The Big Picture, by Sean Carroll, Ph.D. ’93 (Dutton, $28). Proceeding along a different path from the ancient sages, Carroll, a theoretical physicist and cosmologist at Caltech, begins at the beginning (“We are small, the universe is big”), and proceeds to explore “the hardest problem of all, that of how to construct meaning and values in a cosmos without transcendent purpose.” Note to publicists: the book may be too modestly titled.

5 Easy Theses, by James M. Stone ’69, Ph.D. ’73 (Houghton Mifflin, $24.99). During an especially loud, unilluminating election campaign, a former financial regulator and insurance executive outlines “commonsense solutions” to “obviously consequential problems”—keeping Social Security solvent, delivering affordable healthcare, and so on. Of course, as those problems loom larger, “it seems that our politics become smaller.” But Stone, summoning Adam Smith, remains hopeful.

Economics Rules: The Rights and Wrongs of the Dismal Science, by Dani Rodrik, Ford Foundation professor of international political economy (W.W. Norton, $27.95). An economist, concerned that his peers “do a bad job of presenting their science to others,” reveals the field’s “large and evolving variety of frameworks, with different interpretations of how the world works” and diverse policy implications. The rap (that economics is a “single-minded paean” to markets and self-interest) is self-inflicted, he tells practitioners and lay readers alike.
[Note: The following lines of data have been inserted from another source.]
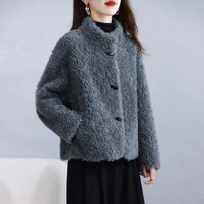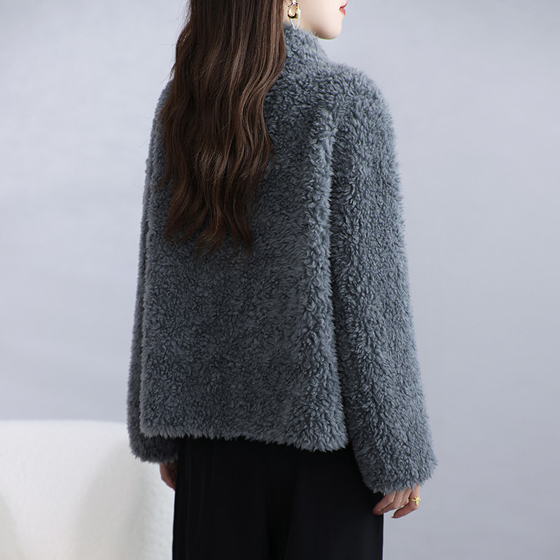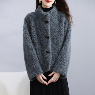 2025新款 立领保暖一体简约羊羔毛大衣冬 海宁颗粒绒皮草外套女短款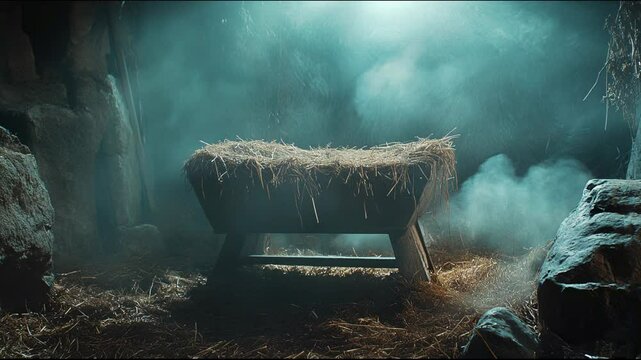 A rustic wooden manger filled with straw in a dimly lit stable, evoking themes of Christmas, birth, and biblical history.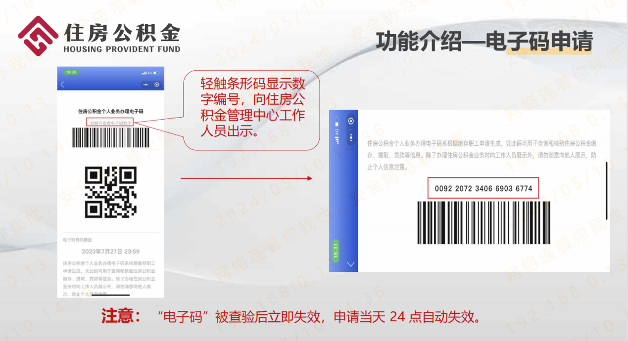 2.电子码使用:缴存人持电子码至中心柜台→工作人员在业务系统“亮码可办”菜单中输入电子码编号及职工信息→打印凭证并向职工出具。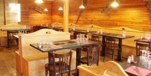 On s’y croit dans un chalet savoyard : décor tout en bois, skis à l’ancienne en vitrine, grandes scies de bûcheron aux murs, et petits coins de verdure au bord des fenêtres, c’est la montagne à Paris.

Inside Ethics, by Alice Crary ’89 (Harvard, $49.95). A philosophy professor now at the New School critiques approaches to ethics, and explores the use of moral imagination. The subsequent applications, particularly focusing on the moral kinship of humans and animals, may prove more accessible to lay readers or those concerned with the issues apart from philosophic theory.

When We Are No More, by Abby Smith Rumsey ’74, Ph.D. ’87 (Bloomsbury, $28). The subtitle (“How digital memory is shaping our future”) suggests some of the tensions this archivist and historian explores. In an era of information overload and evanescent storage technologies, the future emphatically isn’t what it used to be.

Emblems of the Passing World, by Adam Kirsch ’97 (Other Press, $24.95). The poet and critic, a contributing editor to this magazine, attempts the audacious: crafting poems to accompany August Sander’s austere portraits from Weimar Germany. The results range from just right (“After so many decades in the sun, / The man of the soil begins to look like soil—”) to quietly devastating (“Cities are destroyed by fire / And rise again; / Conquering armies melt away, / Hemorrhaging men;…”).

You Come Too: My Journey with Robert Frost, by Lesley Lee Francis ’52 (University of Virginia, $34.95). The iconic poet’s granddaughter illuminates his life and work in a family memoir.

Nothing Ever Dies: Vietnam and the Memory of War, by Viet Thanh Nguyen, RI ’09 (Harvard, $24.95). A novelist turns to criticism and cultural inquiry to reveal how it is that “all wars are fought twice, the first time on the battlefield, the second time in memory.” The conflict in question, of course, is the one that engaged his two countries; that it is known as both the Vietnam War and the American War makes the point bluntly.

Approval Junkie: Adventures in Caring Too Much, by Faith Salie ’93 (Crown, $27). The gold stars on the cover say it all. As the television and radio host and actor amusingly notes, her craving for approval “kept my high school GPA very high. It’s kept my BMI somewhat low.” But there is a serious point lurking. Accept your flaws? “You should probably do that if you can.”

The William Hoy Story, by Nancy Churnin ’78, illustrated by Jez Tuya (Whitman, $16.99). As the National Pastime resumes, children and adults will enjoy this charming picture book about a deaf Major Leaguer who excelled in center field and at stealing bases. The Dallas-based author is a Rangers fan.